Resham v State of Karnataka, 2022
(This article is a personal observation of the authoron the Karnataka High Court judgement and does not intent to hurt any religious or moral sentiment)
Judges: Chief Justice Ritu Raj Awasthi, Jts. Krishna Dixit and Jts. JM Kazi
(This article is a personal observation of the authoron the Karnataka High Court judgement and does not intend to hurt any religious or moral sentiment)
Issue:
The main issue before the court was whether the hijab essential religious and cultural practice of Islam
Arguments
The argument by the petitioner was on the ground that Islam does not give the choice and therefore we do not have a choice but to wear hijab. Because as per essential religious practise test laid down by the Supreme Court distinguishes between what is necessary and what is not necessary for any religion. So, when the petitioner argued on the grounds of religion under article 25 of the Constitution. The respondent replied that it is not the essential practice of the Islam religion.

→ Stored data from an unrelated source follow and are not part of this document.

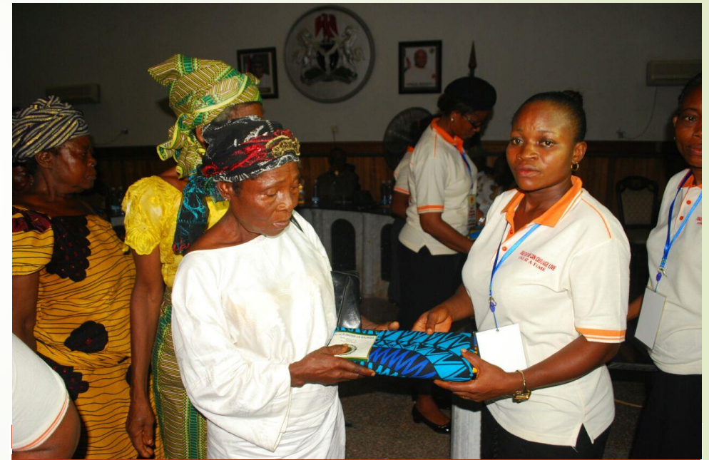
PRESENTATION OF GIFTS TO THE WIDOWS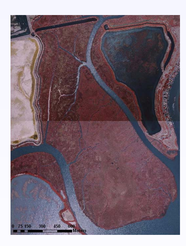
Browns Island Brackish marsh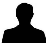
“The Great One”

Barack Obama’s approach to interpreting the Bible tends to be “eisegetical” while I do everything in my power to keep my interpretations entirely “exegetical.” (You can look those up!) – February 8, 2012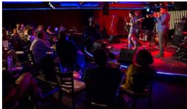
Montreux Jazz Club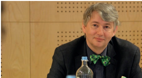
Participant of the meeting of the COMECE Working Group on Ethics. Brussels, 7 October 2019.

Due to the recent increased attention for security and defence policies in the EU and its Member States, an ethical framework for new defence technologies is needed.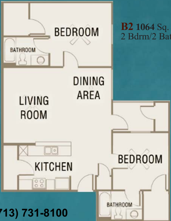
B2 1064 Sq. Ft.* 2 Bdrm/2 Bath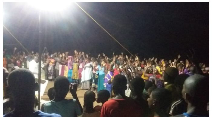
Campanhas de Evangelismo e Cura nas províncias centrais

These events continued into the middle of March, 2020.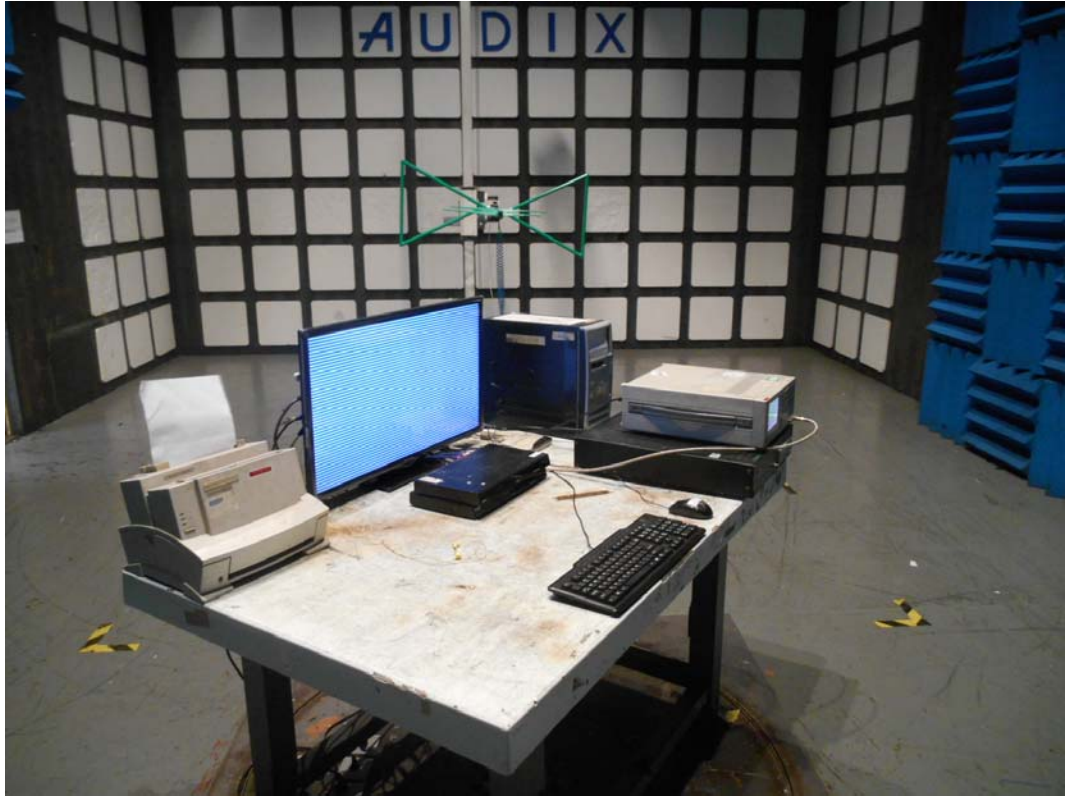
SETUP WITH MAXIMUM DETECTED EMISSION AT HORIZONTAL POLARIZATION (TEST MODE: HDMI 1024*768@60Hz & 1kHz PLAYING)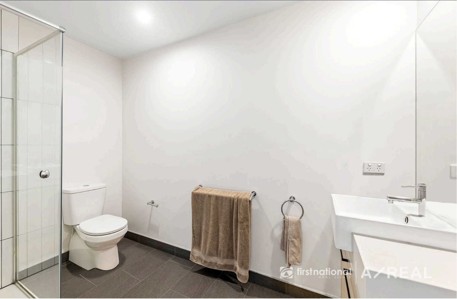
309/48 OLEANDER DRIVE, MILL PARK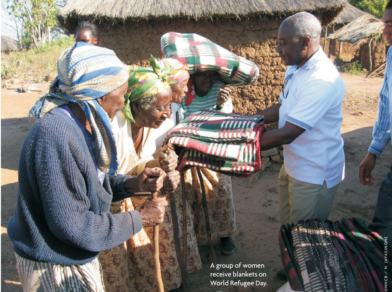
A group of women receive blankets on World Refugee Day.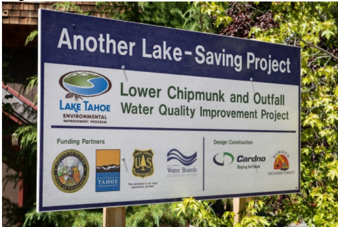
Project Sign for Lower Chipmunk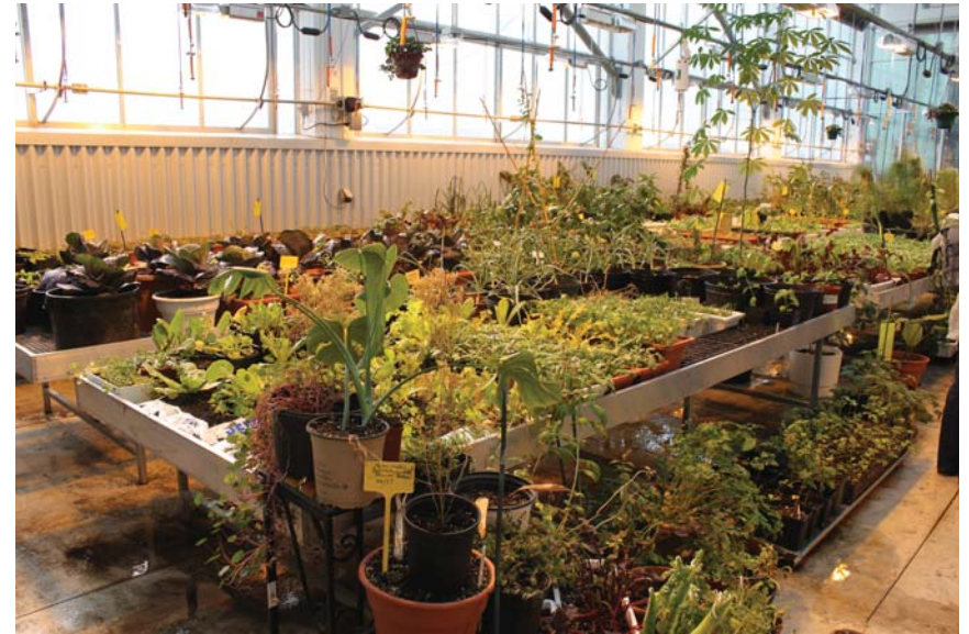
Image 7. Indoor food production at The Stop, an anti-hunger organization in Toronto. Several staff at The Stop are current or former TFPC members.

Several TFPC members and other leadership from non-governmental organizations describe the TFPC as operating an "inside/outside strategy" between government and community stakeholders. A commonly held perception is that the TFPC adds value to a local movement for food equity and sustainability by navigating "inside" government discussion on how the city can support community initiatives or change policy to empower community-driven progress. At the same time, the TFPC animates and coordinates stakeholders to engage with government to make change or push for specific policy reform, as needed. The TFPC builds the capacity of community-based organizations by training leaders in the "inside/outside" strategy, increasing their ability to access resources and navigate government, which sometimes, as Rod MacRae describes, "could make the difference in Council votes." (MacRae, 2010) MacRae says the TFPC has the ability to "reduce frustration among activists and increase insight about levers of power." In other words, the TFPC stimulates more effective public participation in government activity in the food system.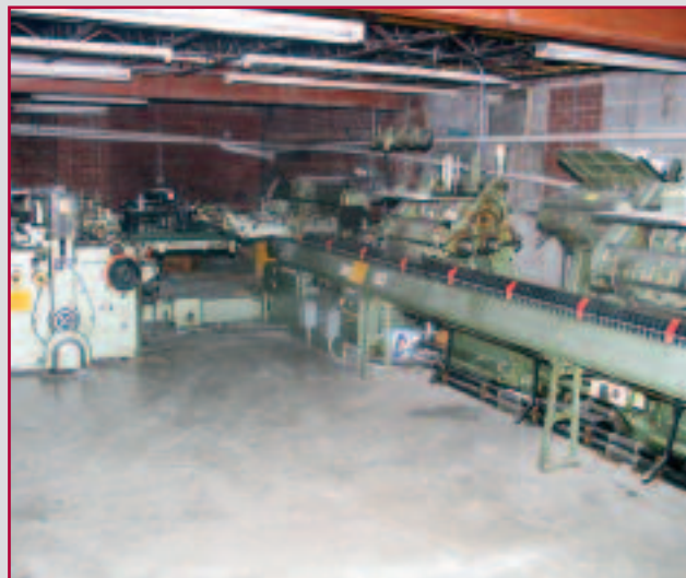
MUELLER MARTINI STITCHER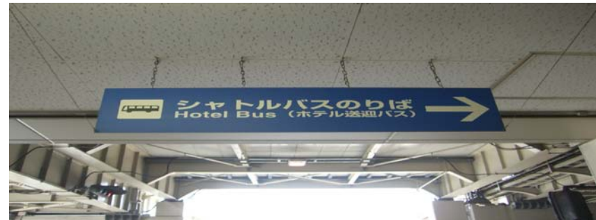
Figure 7. Hotel Shuttle Bus Stop Direction Sign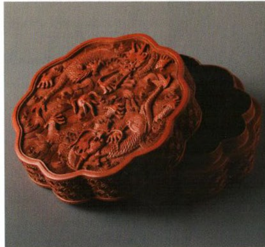
Foliolate lacquer box and cover, Qing dynasty, 18th century, diam. 10 cm, Vanderden Oriental Art

• From 30 September to 3 October, Hong Kong Convention and Exhibition Centre, Hong Kong, fineartasia.com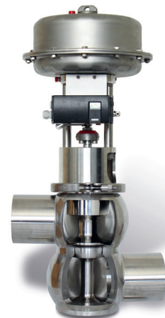
SVP Select Control Valve XL with pneumatic membrane actuator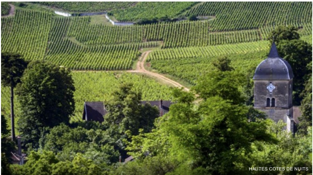
HAUTES COTES DE NUITS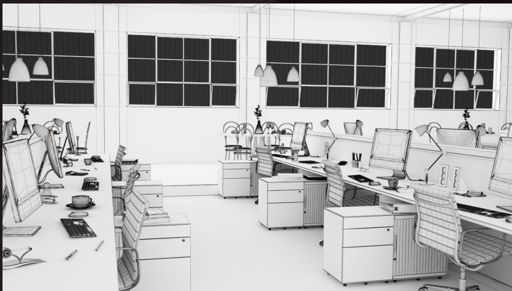
scene 02 wire

Software and models © 2014 EVERMOTION. EVERMOTION logo is trademark or registered trademark of Evermotion Inc. in the U.S. and/or other countries. All rights reserved. All *.max and bitmaps models included on this collection with data are an integral part of „archinteriors vol.32” and the resale of this data is strictly prohibited. All models can be used for commercial purposes only by owners who bought this collection. The sharing of collection is strictly prohibited unless that user has written authorization from EVERMOTION.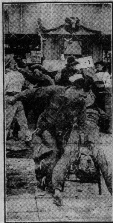
Others Still Fought at One Another's Throats.

Wonder what upset your stomach— which portion of the food did the damage—do you? Well, don't bother. If your stomach is in a riot; if sour, gassy and upset, and what you just ate has fermented into stubborn jumps; head dizzy and aches; belch gases and acids and eructate undigested food; breath foul, tongue coated; just take a little Paper's Diapensin and in five minutes you wonder what became of the indigestion and distress.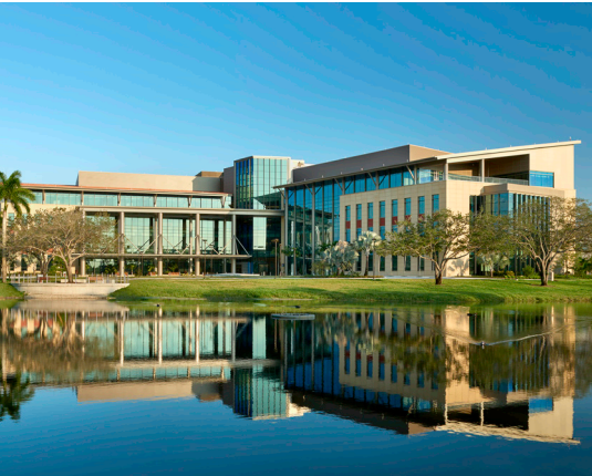
Miami Cancer Institute, Florida, US

Miami Cancer Institute , a part of Baptist Health South Florida, is a state-of-the-art center that serves as the primary destination for patients from the Southeast US, the Caribbean and Latin America. The center is one of a few centers in the world capable of providing all the latest available radiation therapy technologies, and it started treating patients in January 2017. When it was time to determine a treatment planning system that would encompass the various delivery platforms, including proton therapy, RayStation became a natural choice.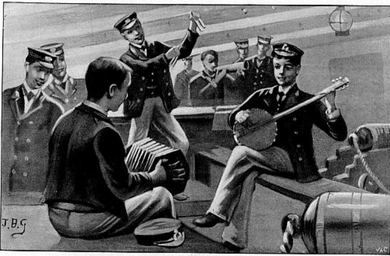
"Harmony in the Gunroom."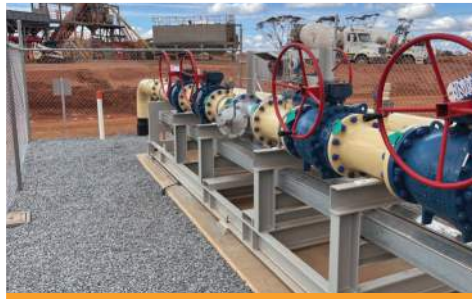
Lynas Rare Earths Gas Facility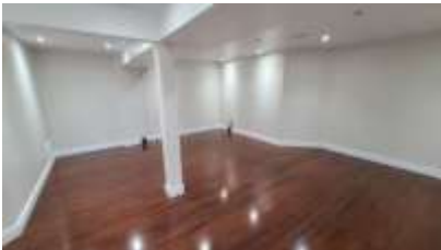
Pic. 25: Rec room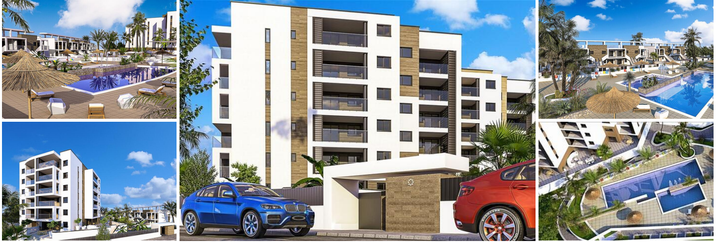
New Build Apartments and Bungalows in Mil Palmeras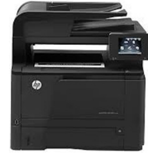
HP: LaserJet B&W MFP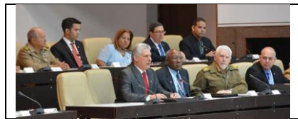
The Cuban people voted for coherent continuity of the Revolution, another victory for the man who occupied the first seat on the Assembly tribunal, to the right of Díaz-Canel, since its founding: Fidel.

“I assume this responsibility with the conviction that all we revolutionaries, from any trench, will be faithful to Fidel and Raúl, the current leader of the revolutionary process,” Díaz-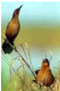
Female Boat-tailed Grackles

To report unusual sightings, or for further information, contact: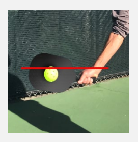
Figure 4-2 (illegal serve)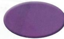
7. an oval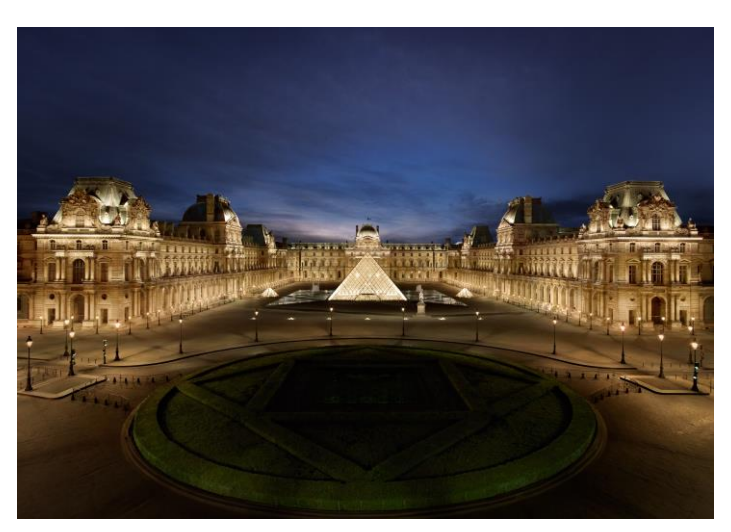
Louvre Museum Lighting Refurbishment Project

Ultra-fine brightness control of LED lights is possible by combining the three primary colors, red, green and blue LEDs with a microprocessor, which enhances the lighting performance by increasing the number of reproducible colors and promptly changing colors, such as in decorative and visually appealing illuminations, e.g. beautiful winter illuminations in various areas.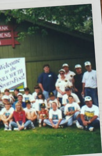
South Sportfest was a precursor to Day started by Wisconsin Field Rep his wife and two others in 1994.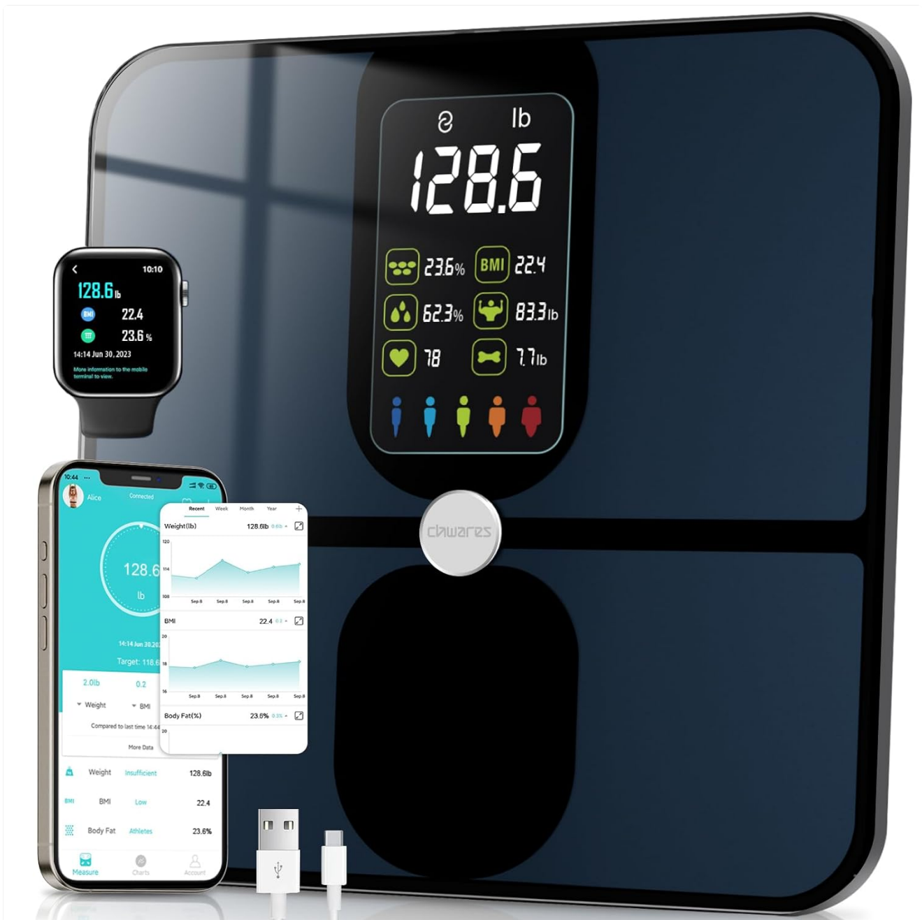
Image: The CHWARES CH310B Smart Digital Bathroom Scale displaying various body metrics, alongside a smartwatch and smartphone showing the connected app.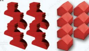
personal supply of 8 captains and 7 houses of your color at the start of the game (1 captain is on your clipper - step 8 - and 1 captain is on the rondel - step 10)

matching flag for your starting steamship: in this example, white for the ATLANTIC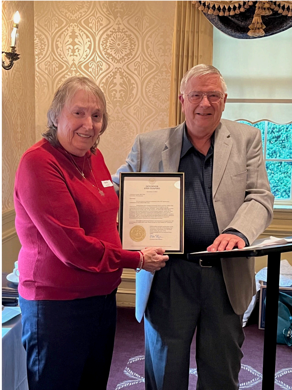
Congratulations from the Governor!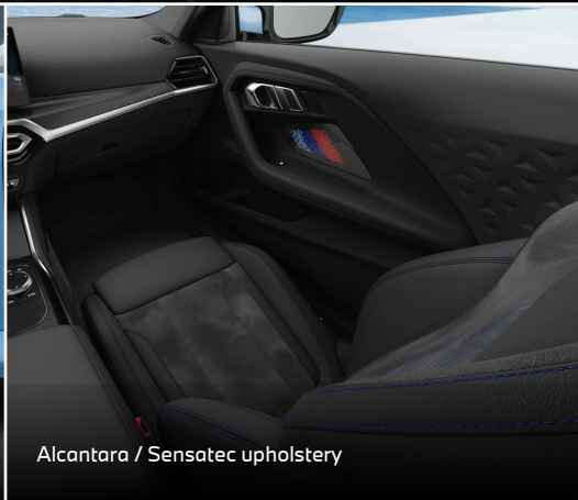
Alcantara / Sensatec upholstery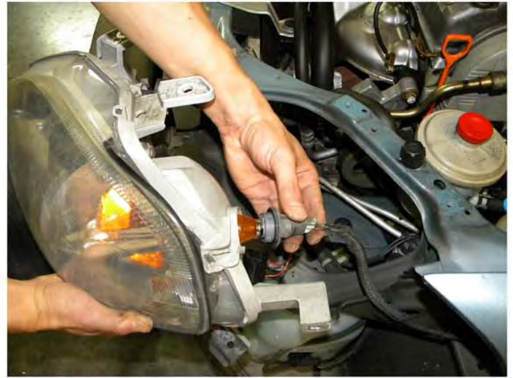
16. Unplug the light socket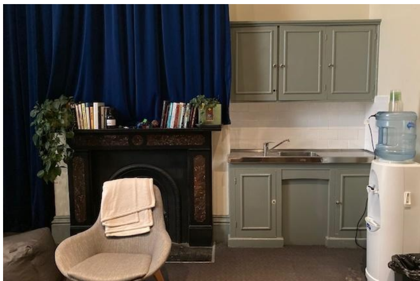
Image: Quiet space kitchenette and bookshelf.

Arts House Quiet Space is located on Ground Level and is nearby reception and opposite the accessible bathrooms. It includes a range of seating options including soft furnishings, dimmable lights, sensory and stim objects. It is open during venue opening hours and events as a quiet space, prayer or parenting space.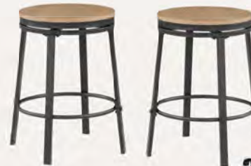
MM4242KCS SWIVEL COUNTER STOOL (2/ctn) 19"W x 23"D x 40"H

And the case was largely made on Article 25 of the Constitution.
It was rather argued by jurist that the arguments should have been under article 21 and 19 and that the people have the right to choose what he or she wants to wear in a democratic country. And whether the authority had the power to issue such circular or not.
Judgement analysis
The HC of Karnataka has passed the judgement where it has found that the hijab is not an essential practice of Islam. On the grounds of discipline and harmony, this ban was upheld. In the case of Indira Nehru Gandhi v Raj Narain, the SC gave the definition of the word ‘secular’ that it means State shall not have any religion on its own, but the persons shall have an equal right to freedom of conscience and right to freely profess, practise and propagate religion.
The Court observed that the Country was secular before 1976 when the word Secular was added in the Preamble by way of the 42nd Constitutional amendment. Constitutional secularism was discussed. Article 25 provides individual rights of freedom of religion has been made subordinate to fundamental rights of the others, i.e., right to equality, non-discrimination etc.
But the HC overlooked article 26 of freedom to manage religious affairs. The sentence “every religious denomination or any section thereof” gives power to the religious right collectively. The Doctrine of Essentiality is developed by the phrase ‘in matter of religion’ in clause (b) of the article. And article 26 is not made subordinate to other fundamental rights of the Constitution.
What are essential and integral religious practise?
The SC gave the answer to the question that what is religion in the judgement of Shirur mutt (1954 AIR 282), that “religion” will cover all rituals and practices “integral” to a religion. and by way of reading the scriptures, it will come to know what is integral and what is not. Bu the trouble was how to read any such scriptures, which was not given in the judgment. The SC should not read any such religious scriptures like it read any law made by the Parliament. The expert opinion should be taken into consideration by the people who hold sound knowledge of this field.